### MATERIAL SUPPLIED

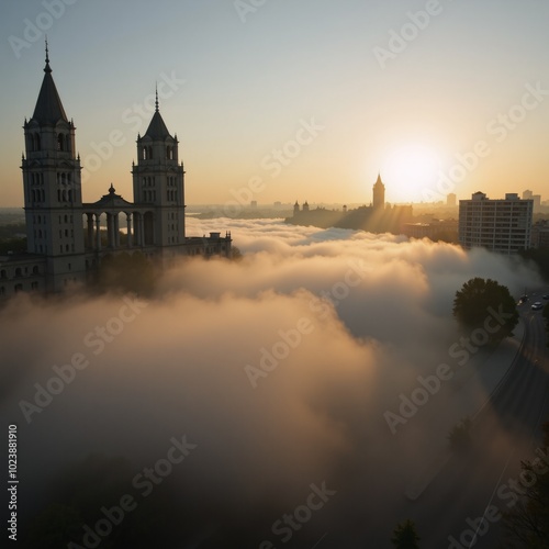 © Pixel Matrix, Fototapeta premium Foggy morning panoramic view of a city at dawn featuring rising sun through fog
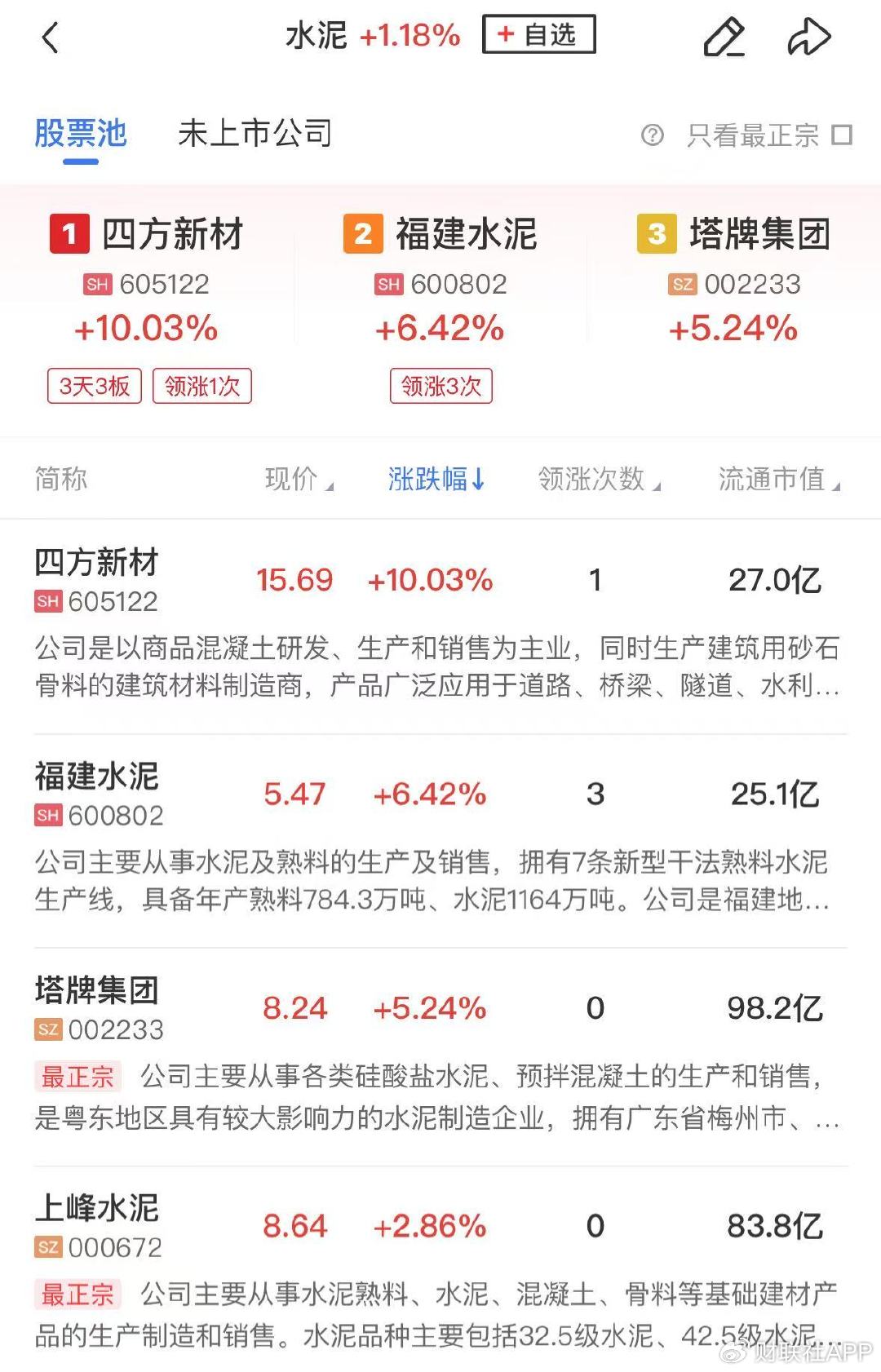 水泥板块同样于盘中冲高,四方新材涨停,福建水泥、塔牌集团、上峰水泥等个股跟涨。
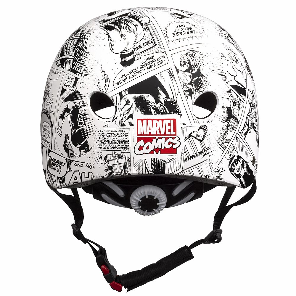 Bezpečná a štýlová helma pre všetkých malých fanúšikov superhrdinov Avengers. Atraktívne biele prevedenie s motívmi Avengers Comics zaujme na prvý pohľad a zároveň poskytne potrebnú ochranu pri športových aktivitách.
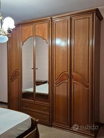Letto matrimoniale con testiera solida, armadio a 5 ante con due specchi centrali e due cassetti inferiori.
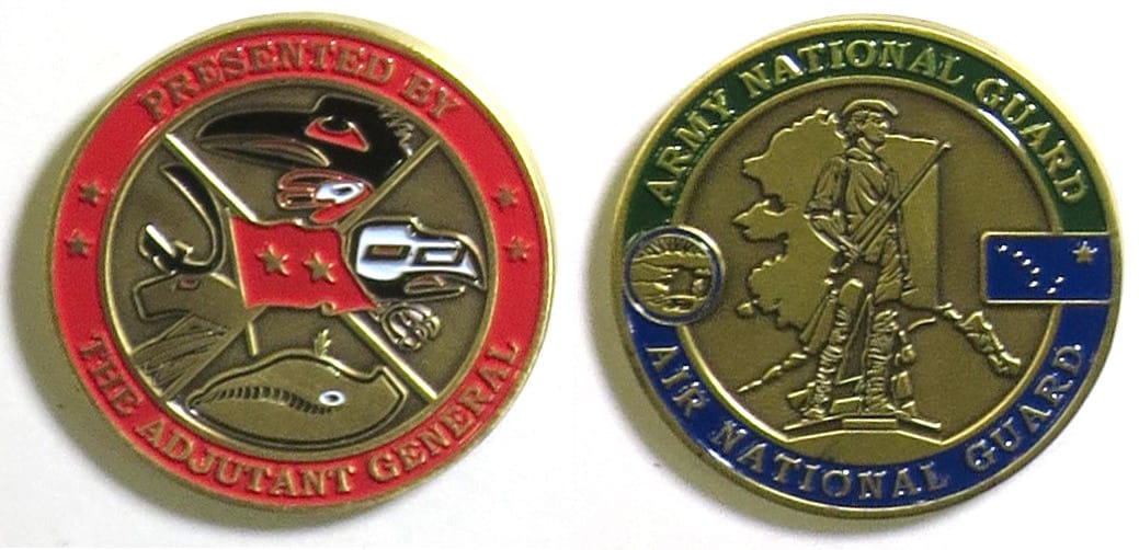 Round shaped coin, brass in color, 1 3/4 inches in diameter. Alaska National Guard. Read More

==

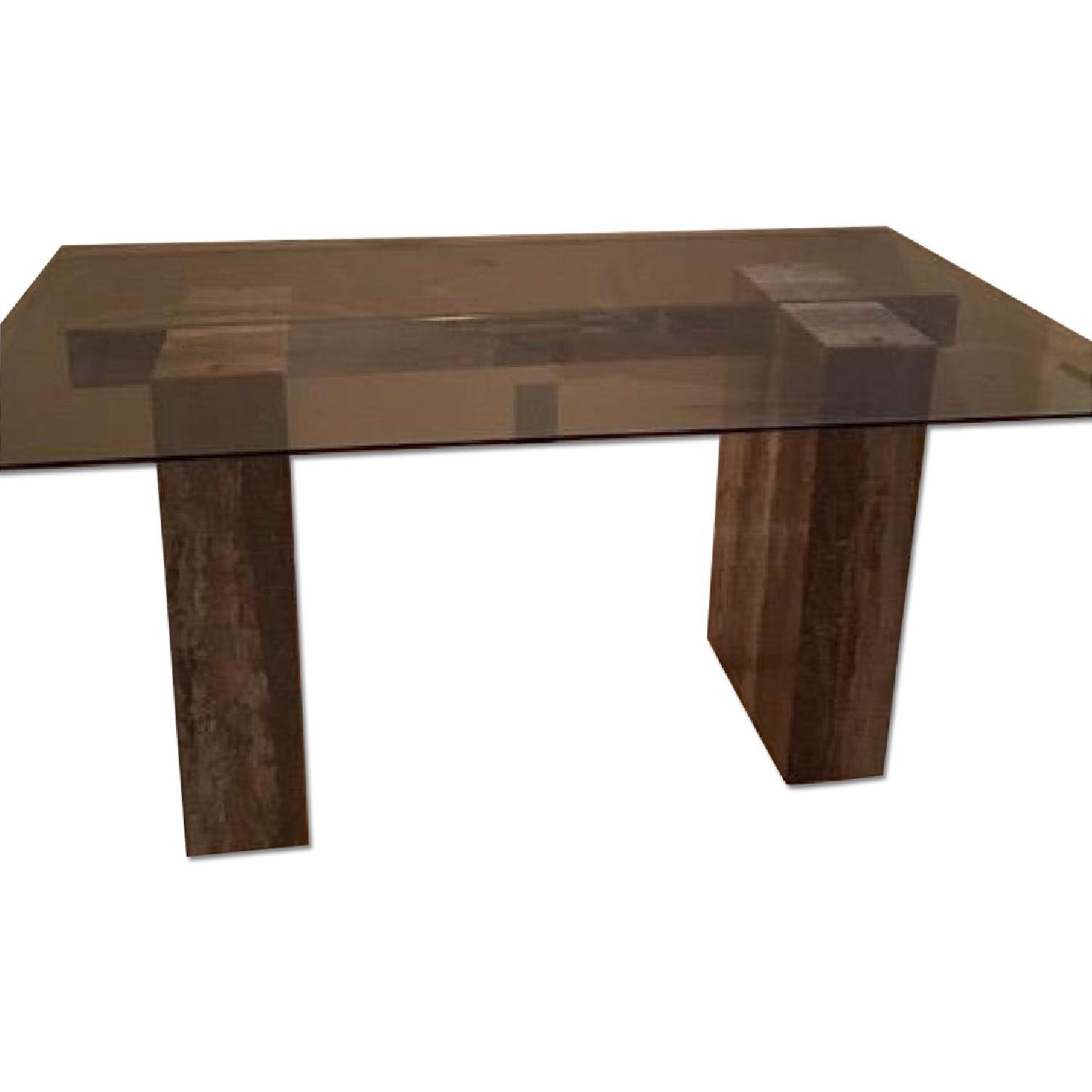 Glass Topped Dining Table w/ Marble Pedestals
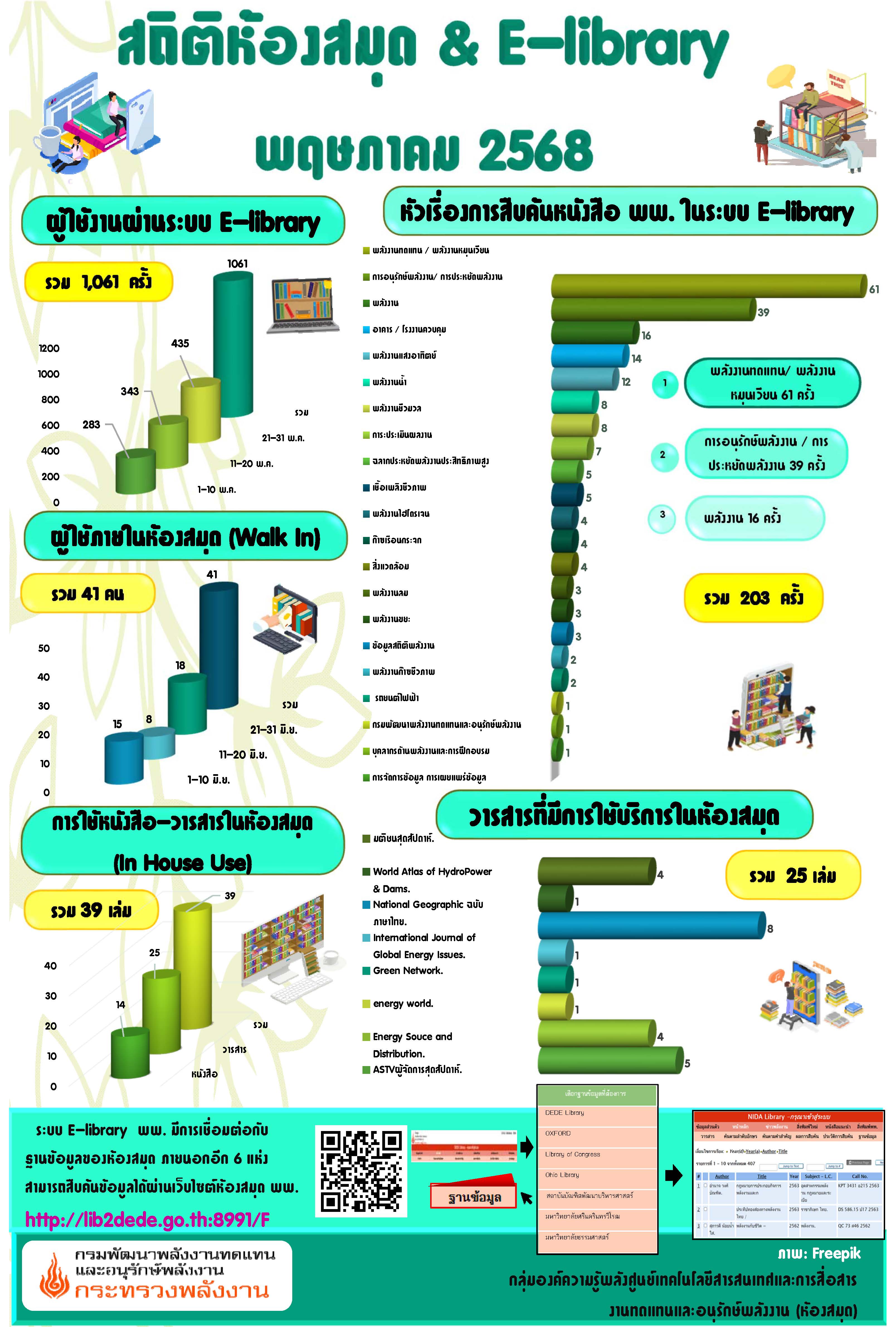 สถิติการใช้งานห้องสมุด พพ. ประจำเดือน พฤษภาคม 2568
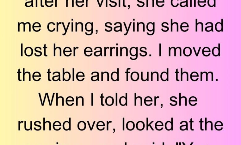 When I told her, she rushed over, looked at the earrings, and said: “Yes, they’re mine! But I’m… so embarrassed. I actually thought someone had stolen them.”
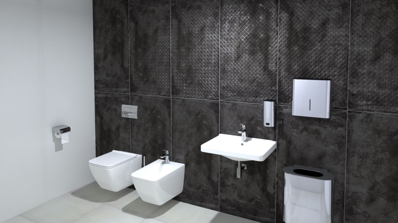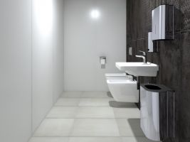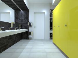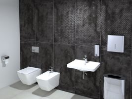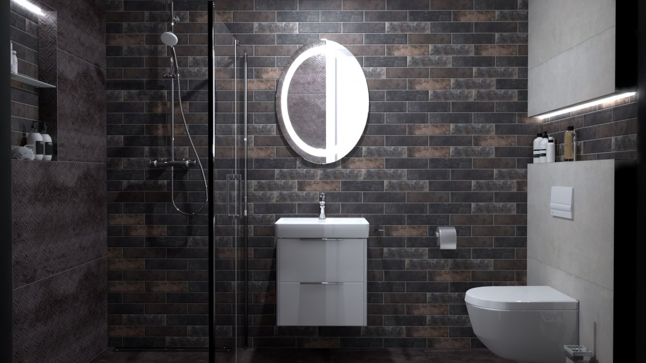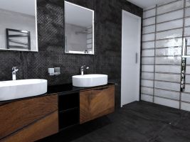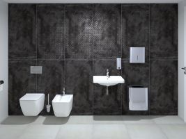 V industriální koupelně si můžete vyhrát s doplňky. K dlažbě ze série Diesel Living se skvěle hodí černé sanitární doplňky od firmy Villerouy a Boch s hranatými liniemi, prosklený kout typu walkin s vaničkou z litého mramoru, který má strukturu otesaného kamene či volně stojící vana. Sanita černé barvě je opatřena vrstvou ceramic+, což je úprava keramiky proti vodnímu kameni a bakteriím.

### EXERCISE INSTRUCTIONS
Where a picture appears in the records above, omit it, and transcribe exactly the stretch of lines from the one with "Glass Topped Dining" through the one with "V industriální koupelně".

### THE ANSWER
 Glass Topped Dining Table w/ Marble Pedestals
 สถิติการใช้งานห้องสมุด พพ. ประจำเดือน พฤษภาคม 2568
 When I told her, she rushed over, looked at the earrings, and said: “Yes, they’re mine! But I’m… so embarrassed. I actually thought someone had stolen them.”
 V industriální koupelně si můžete vyhrát s doplňky. K dlažbě ze série Diesel Living se skvěle hodí černé sanitární doplňky od firmy Villerouy a Boch s hranatými liniemi, prosklený kout typu walkin s vaničkou z litého mramoru, který má strukturu otesaného kamene či volně stojící vana. Sanita černé barvě je opatřena vrstvou ceramic+, což je úprava keramiky proti vodnímu kameni a bakteriím.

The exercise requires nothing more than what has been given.